[Opening Dataset content section]

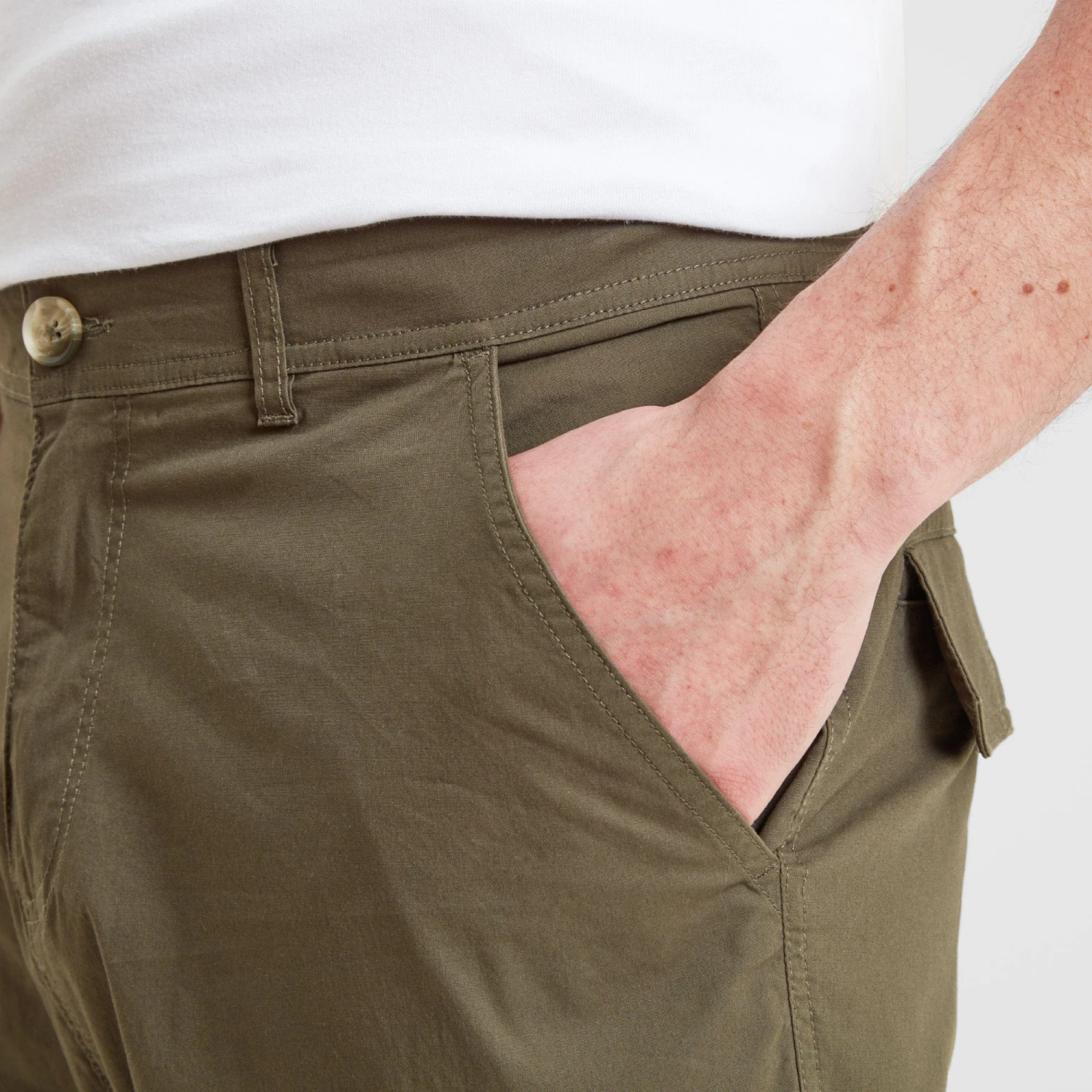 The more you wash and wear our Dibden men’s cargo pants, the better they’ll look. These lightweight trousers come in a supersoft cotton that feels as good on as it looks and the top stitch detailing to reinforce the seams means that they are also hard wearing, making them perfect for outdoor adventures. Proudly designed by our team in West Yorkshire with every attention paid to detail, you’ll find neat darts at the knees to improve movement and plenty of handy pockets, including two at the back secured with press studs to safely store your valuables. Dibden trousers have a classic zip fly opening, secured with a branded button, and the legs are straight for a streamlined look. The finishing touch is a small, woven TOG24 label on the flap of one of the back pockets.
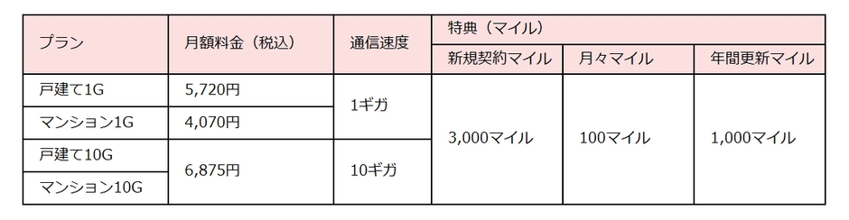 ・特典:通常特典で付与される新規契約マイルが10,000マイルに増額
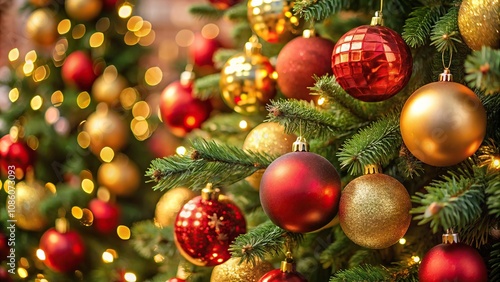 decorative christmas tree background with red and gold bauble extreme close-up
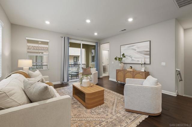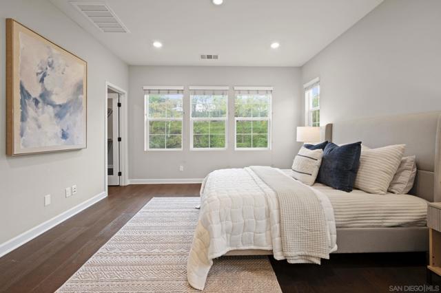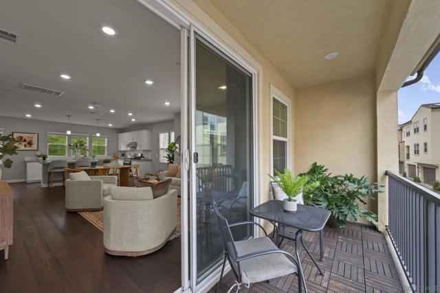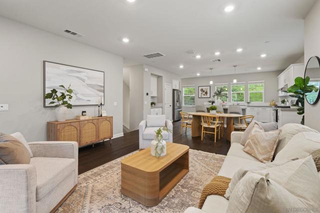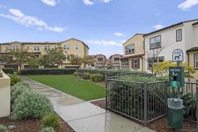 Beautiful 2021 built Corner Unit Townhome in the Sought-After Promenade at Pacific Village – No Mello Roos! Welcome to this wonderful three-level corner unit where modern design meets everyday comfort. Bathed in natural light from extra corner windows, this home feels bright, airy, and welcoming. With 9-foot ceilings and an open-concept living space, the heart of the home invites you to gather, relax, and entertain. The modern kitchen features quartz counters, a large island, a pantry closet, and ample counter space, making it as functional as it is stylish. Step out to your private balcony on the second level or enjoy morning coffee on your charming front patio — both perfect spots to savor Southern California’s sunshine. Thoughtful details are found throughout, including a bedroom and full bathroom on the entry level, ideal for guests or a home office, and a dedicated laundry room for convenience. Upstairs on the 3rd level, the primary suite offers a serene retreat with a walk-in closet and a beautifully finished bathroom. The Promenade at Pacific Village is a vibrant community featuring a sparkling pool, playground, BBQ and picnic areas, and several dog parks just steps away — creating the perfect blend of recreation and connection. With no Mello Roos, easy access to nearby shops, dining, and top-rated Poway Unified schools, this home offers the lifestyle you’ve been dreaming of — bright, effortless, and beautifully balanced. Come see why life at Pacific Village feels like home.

[Closing Dataset content section]

Exercise details: Restate, word for word, all of the material above, leaving out the images.

Written response:
 The more you wash and wear our Dibden men’s cargo pants, the better they’ll look. These lightweight trousers come in a supersoft cotton that feels as good on as it looks and the top stitch detailing to reinforce the seams means that they are also hard wearing, making them perfect for outdoor adventures. Proudly designed by our team in West Yorkshire with every attention paid to detail, you’ll find neat darts at the knees to improve movement and plenty of handy pockets, including two at the back secured with press studs to safely store your valuables. Dibden trousers have a classic zip fly opening, secured with a branded button, and the legs are straight for a streamlined look. The finishing touch is a small, woven TOG24 label on the flap of one of the back pockets.
 ・特典:通常特典で付与される新規契約マイルが10,000マイルに増額
 decorative christmas tree background with red and gold bauble extreme close-up
 Beautiful 2021 built Corner Unit Townhome in the Sought-After Promenade at Pacific Village – No Mello Roos! Welcome to this wonderful three-level corner unit where modern design meets everyday comfort. Bathed in natural light from extra corner windows, this home feels bright, airy, and welcoming. With 9-foot ceilings and an open-concept living space, the heart of the home invites you to gather, relax, and entertain. The modern kitchen features quartz counters, a large island, a pantry closet, and ample counter space, making it as functional as it is stylish. Step out to your private balcony on the second level or enjoy morning coffee on your charming front patio — both perfect spots to savor Southern California’s sunshine. Thoughtful details are found throughout, including a bedroom and full bathroom on the entry level, ideal for guests or a home office, and a dedicated laundry room for convenience. Upstairs on the 3rd level, the primary suite offers a serene retreat with a walk-in closet and a beautifully finished bathroom. The Promenade at Pacific Village is a vibrant community featuring a sparkling pool, playground, BBQ and picnic areas, and several dog parks just steps away — creating the perfect blend of recreation and connection. With no Mello Roos, easy access to nearby shops, dining, and top-rated Poway Unified schools, this home offers the lifestyle you’ve been dreaming of — bright, effortless, and beautifully balanced. Come see why life at Pacific Village feels like home.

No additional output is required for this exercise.